7 replies to this topic

[pielover88888]

Hello everybody,

I have this..odd, to say the least, problem in my code..
here's the program: http://pastebin.com/hAm0LKJH (lol, ham.. mm..).

Try clicking on x one, any y for x one, and once you do that, x two, and have any y. I, temporarily, put a spacebar-to-exit, if your spacebar returns 57 it should work.

It miiiight exit to the shell if you hit any coordinate with an x of three, but that proved unreliable so I put the spacebar-to-exit "feature".

[Orwell]

The "mouse_click" event also returns the mouse buttons that's being pressed as the second value (1 for left click, 2 for right click and 3 for the middle mouse button, I believe). So instead of:

eT,x,y = os.pullEvent()

use this:

eT,button,x,y = os.pullEvent()

So 'button' will be 1 on left click. Don't forget to change:

if eT == "key" and x == 57 then break end

to:

if eT == "key" and button == 57 then break end

as well then.

Edit: Stuff like this is also on the wiki.

[Lyqyd]

It's not "mouse_click", x, y. It's "mouse_click", button, x, y. Try using the correct return values for your comparison.

[theoriginalbit]

 Orwell, on 12 January 2013 - 10:12 AM, said:

So 'button' will be 1 on left click. Don't forget to change:

if eT == "key" and x == 57 then break end

to:

if eT == "key" and button == 57 then break end

as well then.

I think you mean

if eT == "key" and button == 1 and x == 57 then break end

Button would never be 57, as you said it's 1, 2 or 3

[Orwell]

 TheOriginalBIT, on 12 January 2013 - 11:10 AM, said:

 Orwell, on 12 January 2013 - 10:12 AM, said:

So 'button' will be 1 on left click. Don't forget to change:

if eT == "key" and x == 57 then break end

to:

if eT == "key" and button == 57 then break end

as well then.

I think you mean

if eT == "key" and button == 1 and x == 57 then break end

Button would never be 57, as you said it's 1, 2 or 3

It would when the event was a key event O.o .

[remiX]

 Orwell, on 12 January 2013 - 11:11 AM, said:

 TheOriginalBIT, on 12 January 2013 - 11:10 AM, said:

 Orwell, on 12 January 2013 - 10:12 AM, said:

So 'button' will be 1 on left click. Don't forget to change:

if eT == "key" and x == 57 then break end

to:

if eT == "key" and button == 57 then break end

as well then.

I think you mean

if eT == "key" and button == 1 and x == 57 then break end

Button would never be 57, as you said it's 1, 2 or 3

It would when the event was a key event O.o .

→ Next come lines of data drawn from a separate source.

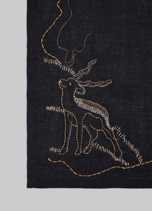 Blackbuck Dreams Hand Embroidered Black & Gold Placemat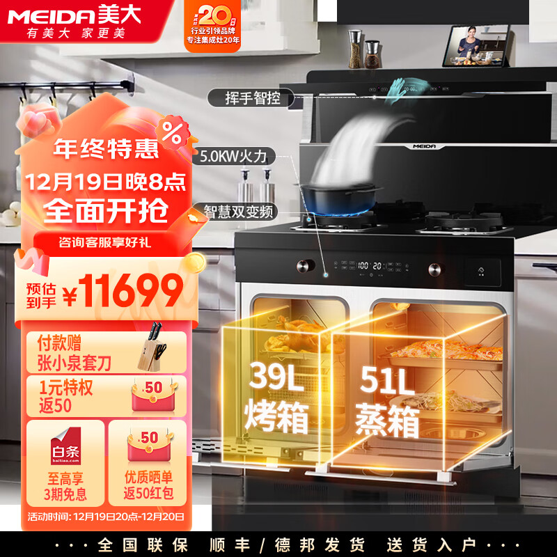 美大(Meida)集成灶V9-MAX蒸烤一体升级独立蒸烤款 左烤炸右蒸炖款家用集成灶燃气灶(液化气)价格:12999.00元!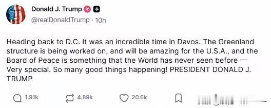 一大早,突然想,扪心自问一下,也怪不得人家特朗普富裕,他都79岁了,参加完达沃斯会议后,还能狂发80条帖子…你说的人家工作多努力啊。这几乎是24小时连轴转在工作,在努力工作为美国,为家族赚钱啊。这怎么能说他是生气呢? 我看,如果一个人有这种工作状态和工作精神你不发财都很难。比如说,有的人喜欢发微头条,你一天才发多少篇?有这位79岁的老人发的多吗?[捂脸]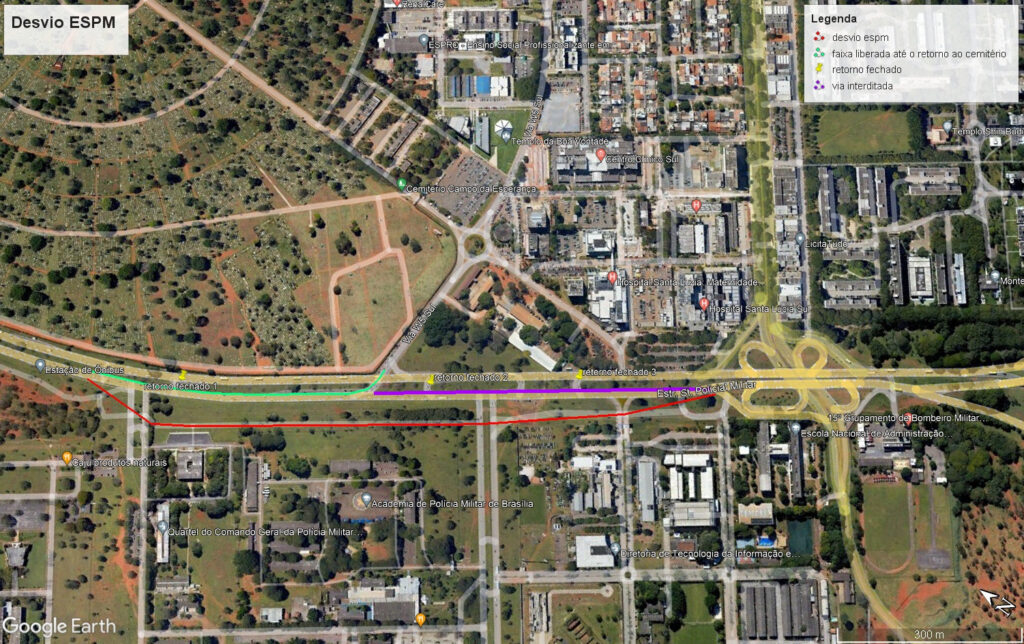 A SODF lembra que desvio de fluxo realizado na ESPM é permanente e está previsto no projeto de reformulação da pista. Além disso, os retornos da via serão fechados da altura da Agência Brasileira de Inteligência (Abin) até o viaduto da W3 Sul, exceto o cruzamento do cemitério com o Setor Hospitalar Sul.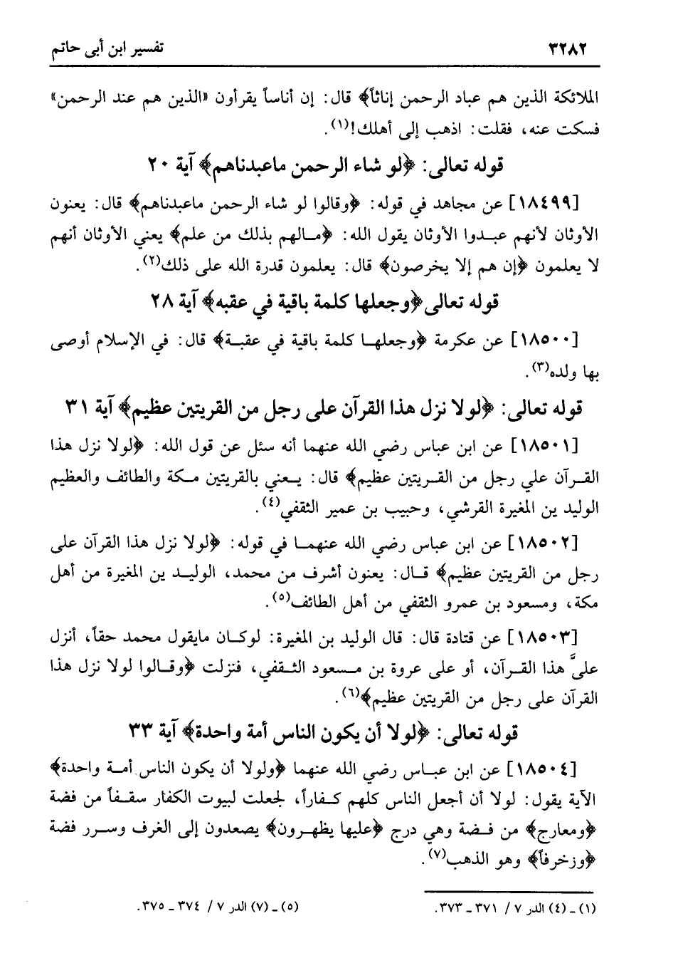 18502 - عَنِ ابْنِ عَبَّاسٍ رَضِيَ اللَّهُ عَنْهُمَا فِي قَوْلِهِ: لَوْلا نُزِّلَ هَذَا الْقُرْآنُ عَلَى رَجُلٍ مِنَ الْقَرْيَتَيْنِ عَظِيمٍ قَالَ: يَعْنُونَ أَشْرَفَ مِنْ مُحَمَّدٍ، الْوَلِيدَ بْنَ الْمُغِيرَةِ مِنْ أَهْلِ مَكَّةَ، وَمَسْعُودَ بْنَ عَمْرٍو الثَّقَفِيَّ مِنْ أَهْلِ الطَّائِفِ «5» .

This made me laugh. xD TOB probably didn't check the event />

[theoriginalbit]

 remiX, on 12 January 2013 - 11:17 AM, said:

 Orwell, on 12 January 2013 - 11:11 AM, said:

 TheOriginalBIT, on 12 January 2013 - 11:10 AM, said:

 Orwell, on 12 January 2013 - 10:12 AM, said:

So 'button' will be 1 on left click. Don't forget to change:

if eT == "key" and x == 57 then break end

to:

if eT == "key" and button == 57 then break end

as well then.

I think you mean

if eT == "key" and button == 1 and x == 57 then break end

Button would never be 57, as you said it's 1, 2 or 3

It would when the event was a key event O.o .

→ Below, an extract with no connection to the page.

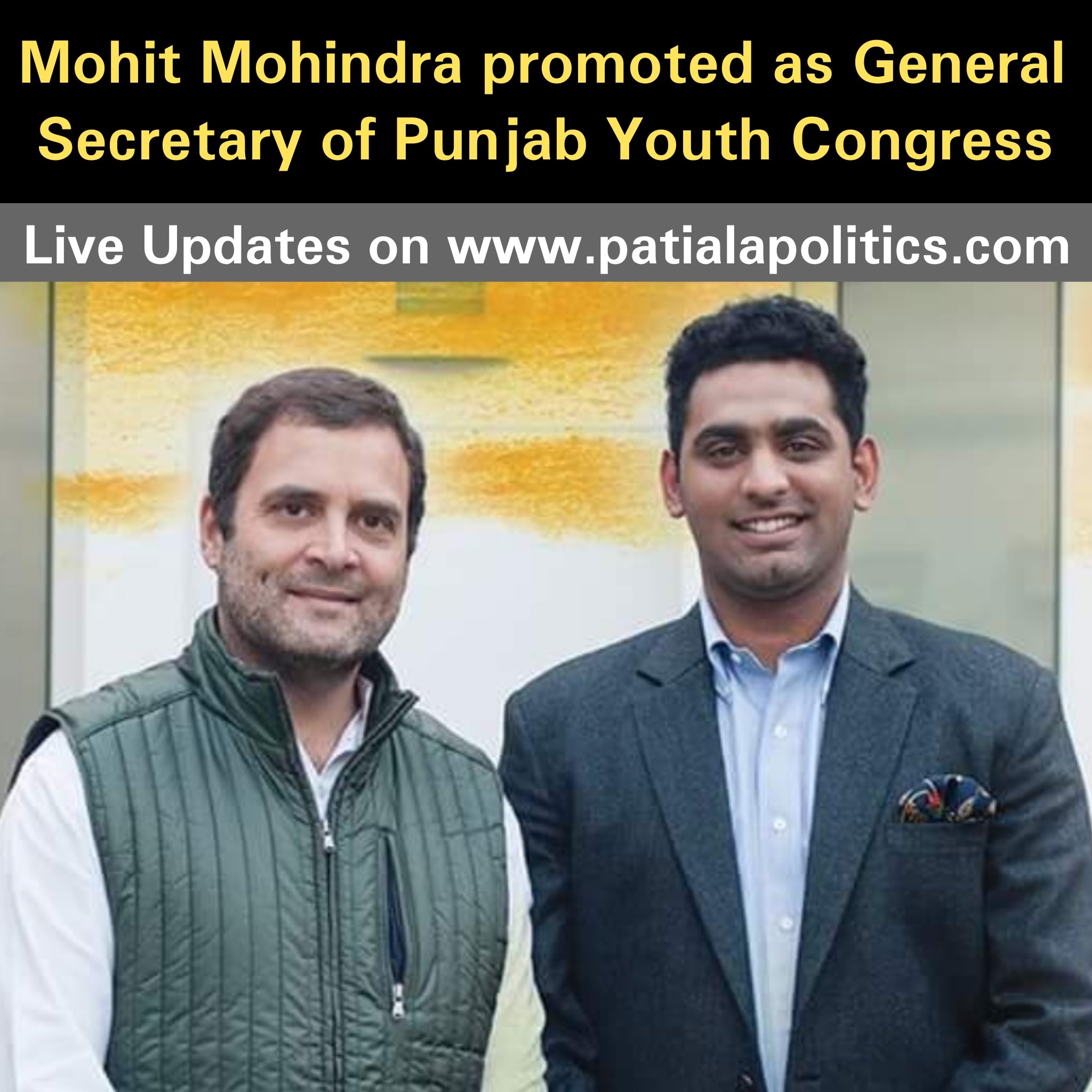 Featured Headlines Patiala News Punjab Congress News Mohit Mohindra promoted as General Secretary Punjab Youth Congress June 19, 2018

This made me laugh. xD TOB probably didn't check the event />/>

Ooohhhh oops haha... thats what I get for reading it when I'm tired... lol

[pielover88888]

Quite a conversation I stirred up but, thanks lol!
The if eT == "key" and x == 57 then break end, was so if you hit the spacebar, it quits.. which I will have to adjust once I edit eT, x, y = os.pullEvent() to eT, button, x , y = os.pullEvent()

Thanks guys! It works now! (In the case you want the corrected code, with a term.setCursorPos(1,9), a term.clear(), and a paintutils make black cell so it won't be fully blue, to happen upon spacebar, and a bug fix here: http://pastebin.com/jUvfw0uC )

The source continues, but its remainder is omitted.